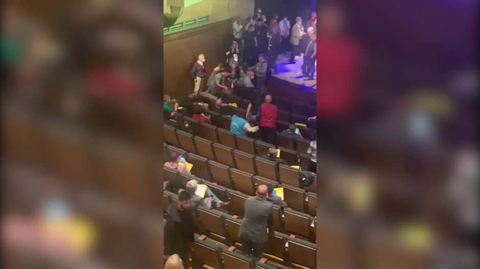 "Blic" je došao u posed i snimka koji beleži trenutke koji su prethodili incidentu: opšti metež, gužva, povici - sve ono što ne bi trebalo da predstavlja "obraz" najdugovečnije demokratske partije u Srbiji.
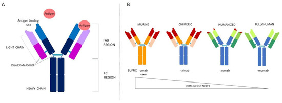 According to their origin and the dictation of the WHO [4], there are four types of mAbs: murine, chimeric, humanized, and human [5,6] (Figure 1B).
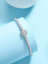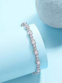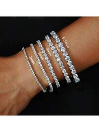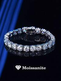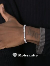 BFCLUB1pc 925 Sterling Silver 6.0mm Moissanite Tennis Bracelet, Unisex Design, High Quality Hiphop 4-Prong Moissanite Tennis Chain S925 Pure Silver Embedded Bracelet, Shiny, Luxury, High-End Exquisite Jewelry, Fashion Gift For Women, Wedding Engagement, Proposal Party, Holiday, Birthday, Valentine's Day, Christmas, New Year
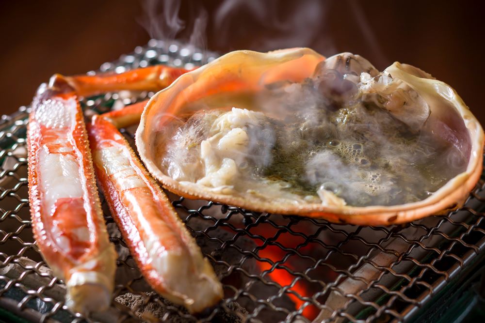 瑠璃浜では、津居山・柴山港から直送された新鮮なブランド蟹をたっぷり堪能できるカニプランがスタートしています!
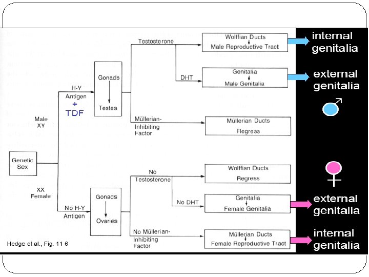 Sex Differentiation �Presence of Y chromosome induces differentiation of bipotential gonads to testes at 6 -8 wks gestation. �Remaining internal and external genitalia are also bipotential. �Hormonal regulation �Dihydrotestosterone (DHT) �Testosterone
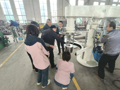 隨后,各位領(lǐng)導(dǎo)駐足真空籃式研磨機(jī)旁,深入了解設(shè)備的工作原理與應(yīng)用場(chǎng)景。該設(shè)備通過高速旋轉(zhuǎn)的研磨器帶動(dòng)研磨介質(zhì)與物料產(chǎn)生強(qiáng)烈剪切、碰撞,配合泵葉的吸力與分散盤的分散作用,可在短時(shí)間內(nèi)實(shí)現(xiàn)物料的精細(xì)研磨,同時(shí)能根據(jù)生產(chǎn)工藝需求靈活控制產(chǎn)品溫度,廣泛應(yīng)用于涂料、精細(xì)化工等領(lǐng)域,憑借高效、穩(wěn)定的性能獲得行業(yè)認(rèn)可。此外,易董還向各位領(lǐng)導(dǎo)介紹了各類機(jī)器重要部件的研發(fā)與生產(chǎn)工藝,展現(xiàn)了索孚科技在設(shè)備制造環(huán)節(jié)的嚴(yán)謹(jǐn)與專業(yè)。
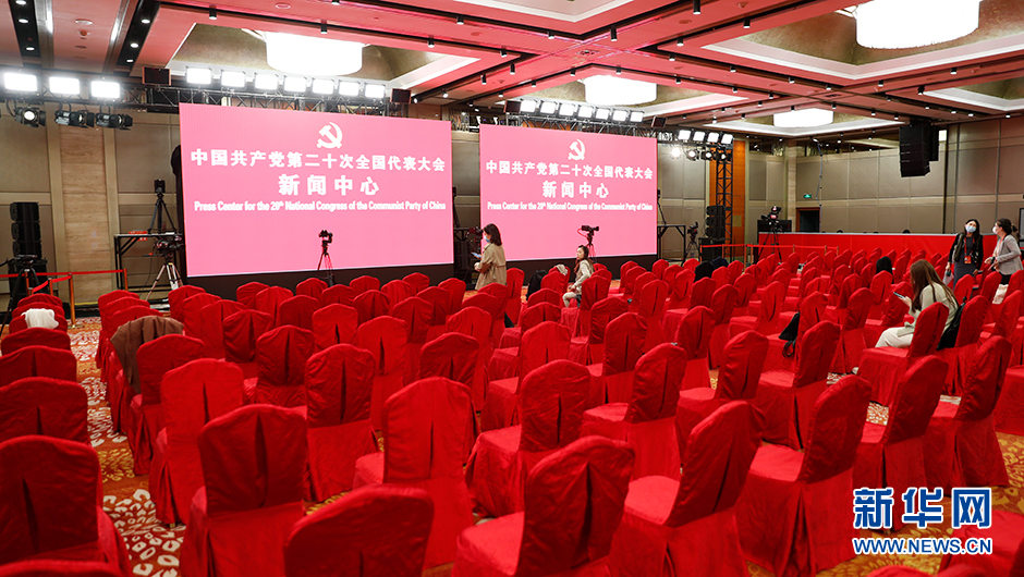 10月17日(星期一)15:00,二十大新聞中心將在梅地亞新聞中心二層新聞發(fā)布廳舉辦第二場(chǎng)記者招待會(huì )。圖為記者招待會(huì )前新世紀日航飯店三層世紀廳分會(huì )場(chǎng)。(新華網(wǎng) 陳杰 攝)
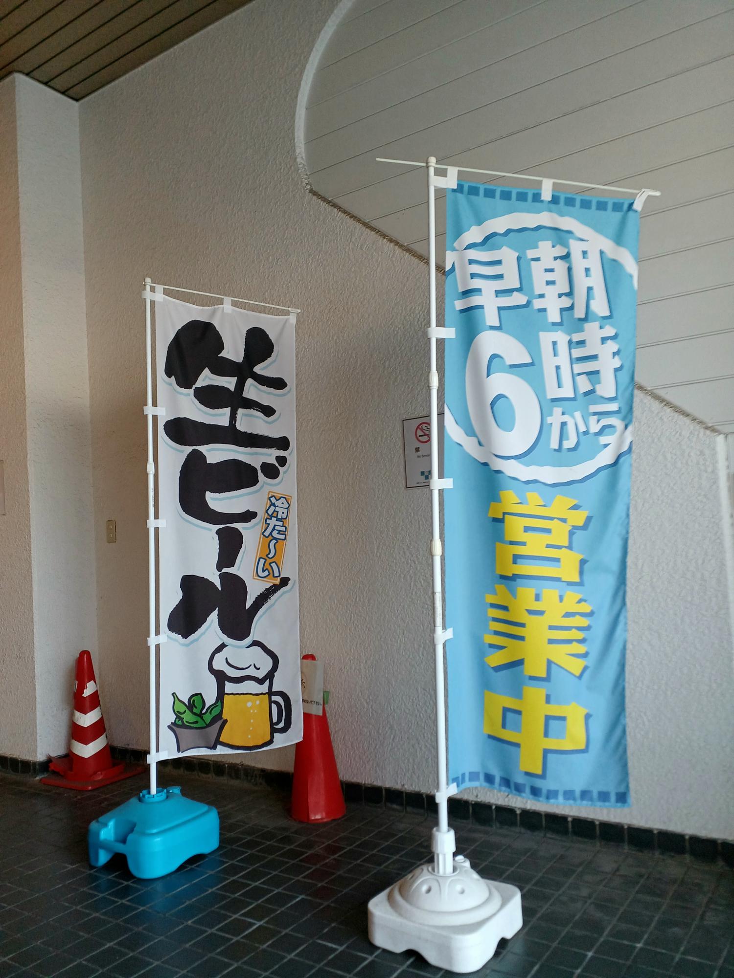 早朝営業と生ビールの幟が。
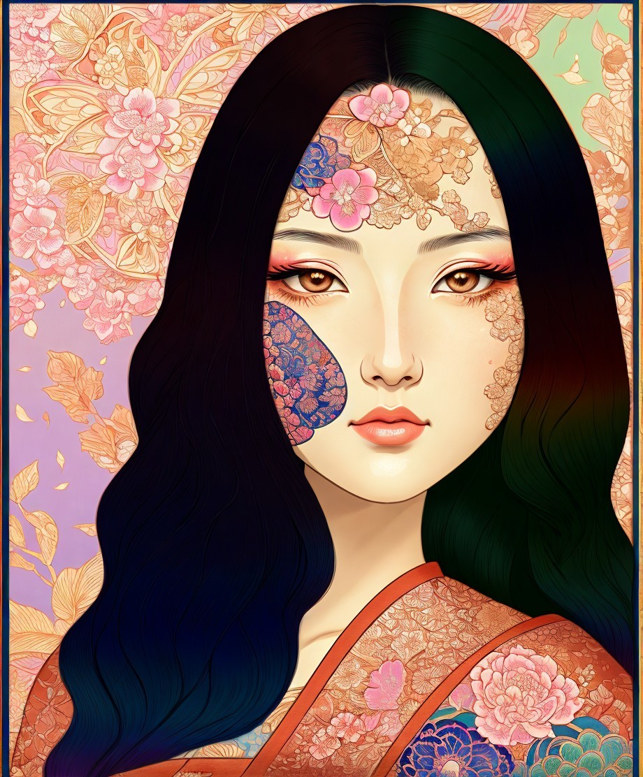Ukiyo-e style, beautiful female face, woodblock print, amber lighting 1.25, detailed ornamental hair, fantastic view, cinewash, brightness 1.4, inkpunk 1.8
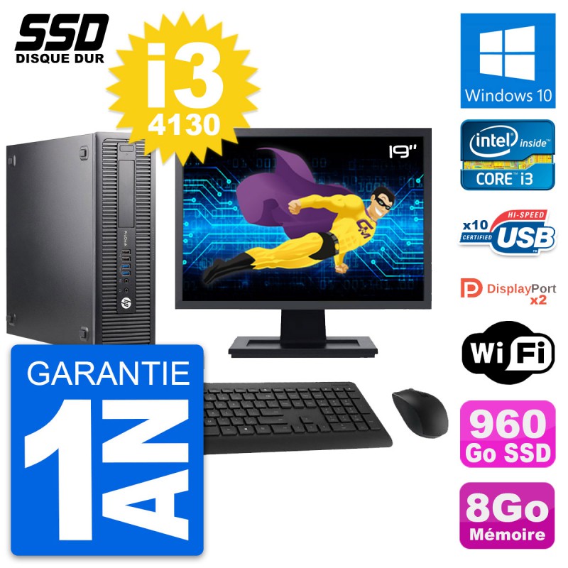 PC HP ProDesk 600 G1 SFF - Intel Core i3-4130 3.4 Ghz (3 Mo) - 8 Go DDR3 - SSD 960 Go - Clef Wifi USB - Windows 10 - Livré avec Ecran 19" + clavier + souris (Marques et modèles variables) - Garantie 1 an.
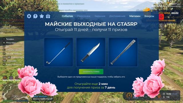 Событие «Майские выходные» — Каждый день на протяжении 11 дней проводите в игре как минимум 6 часов и получайте секретные призы, которые становятся ценнее и больше с каждым ранее полученным призом. — Отсчет каждого игрового дня в рамках события ведется от ежедневного рестарта в 07:00 по МСК, начиная с 1 мая 2025 года. — Все 11 призов смогут получить только те игроки, которые ежедневно проведут в игре как минимум 6 часов. #ультиматум21RUS #burton #гта5рп #gta5 #gta5rp #гта5 #Майские_выходные

....................

* Exercise aim
Transcribe all of the lines above exactly as given. The pictures stay out.

* Exercise output
 "Blic" je došao u posed i snimka koji beleži trenutke koji su prethodili incidentu: opšti metež, gužva, povici - sve ono što ne bi trebalo da predstavlja "obraz" najdugovečnije demokratske partije u Srbiji.
 According to their origin and the dictation of the WHO [4], there are four types of mAbs: murine, chimeric, humanized, and human [5,6] (Figure 1B).
 BFCLUB1pc 925 Sterling Silver 6.0mm Moissanite Tennis Bracelet, Unisex Design, High Quality Hiphop 4-Prong Moissanite Tennis Chain S925 Pure Silver Embedded Bracelet, Shiny, Luxury, High-End Exquisite Jewelry, Fashion Gift For Women, Wedding Engagement, Proposal Party, Holiday, Birthday, Valentine's Day, Christmas, New Year
 瑠璃浜では、津居山・柴山港から直送された新鮮なブランド蟹をたっぷり堪能できるカニプランがスタートしています!
 Sex Differentiation �Presence of Y chromosome induces differentiation of bipotential gonads to testes at 6 -8 wks gestation. �Remaining internal and external genitalia are also bipotential. �Hormonal regulation �Dihydrotestosterone (DHT) �Testosterone
 隨后,各位領(lǐng)導(dǎo)駐足真空籃式研磨機(jī)旁,深入了解設(shè)備的工作原理與應(yīng)用場(chǎng)景。該設(shè)備通過高速旋轉(zhuǎn)的研磨器帶動(dòng)研磨介質(zhì)與物料產(chǎn)生強(qiáng)烈剪切、碰撞,配合泵葉的吸力與分散盤的分散作用,可在短時(shí)間內(nèi)實(shí)現(xiàn)物料的精細(xì)研磨,同時(shí)能根據(jù)生產(chǎn)工藝需求靈活控制產(chǎn)品溫度,廣泛應(yīng)用于涂料、精細(xì)化工等領(lǐng)域,憑借高效、穩(wěn)定的性能獲得行業(yè)認(rèn)可。此外,易董還向各位領(lǐng)導(dǎo)介紹了各類機(jī)器重要部件的研發(fā)與生產(chǎn)工藝,展現(xiàn)了索孚科技在設(shè)備制造環(huán)節(jié)的嚴(yán)謹(jǐn)與專業(yè)。
 10月17日(星期一)15:00,二十大新聞中心將在梅地亞新聞中心二層新聞發(fā)布廳舉辦第二場(chǎng)記者招待會(huì )。圖為記者招待會(huì )前新世紀日航飯店三層世紀廳分會(huì )場(chǎng)。(新華網(wǎng) 陳杰 攝)
 早朝営業と生ビールの幟が。
Ukiyo-e style, beautiful female face, woodblock print, amber lighting 1.25, detailed ornamental hair, fantastic view, cinewash, brightness 1.4, inkpunk 1.8
 PC HP ProDesk 600 G1 SFF - Intel Core i3-4130 3.4 Ghz (3 Mo) - 8 Go DDR3 - SSD 960 Go - Clef Wifi USB - Windows 10 - Livré avec Ecran 19" + clavier + souris (Marques et modèles variables) - Garantie 1 an.
 Событие «Майские выходные» — Каждый день на протяжении 11 дней проводите в игре как минимум 6 часов и получайте секретные призы, которые становятся ценнее и больше с каждым ранее полученным призом. — Отсчет каждого игрового дня в рамках события ведется от ежедневного рестарта в 07:00 по МСК, начиная с 1 мая 2025 года. — Все 11 призов смогут получить только те игроки, которые ежедневно проведут в игре как минимум 6 часов. #ультиматум21RUS #burton #гта5рп #gta5 #gta5rp #гта5 #Майские_выходные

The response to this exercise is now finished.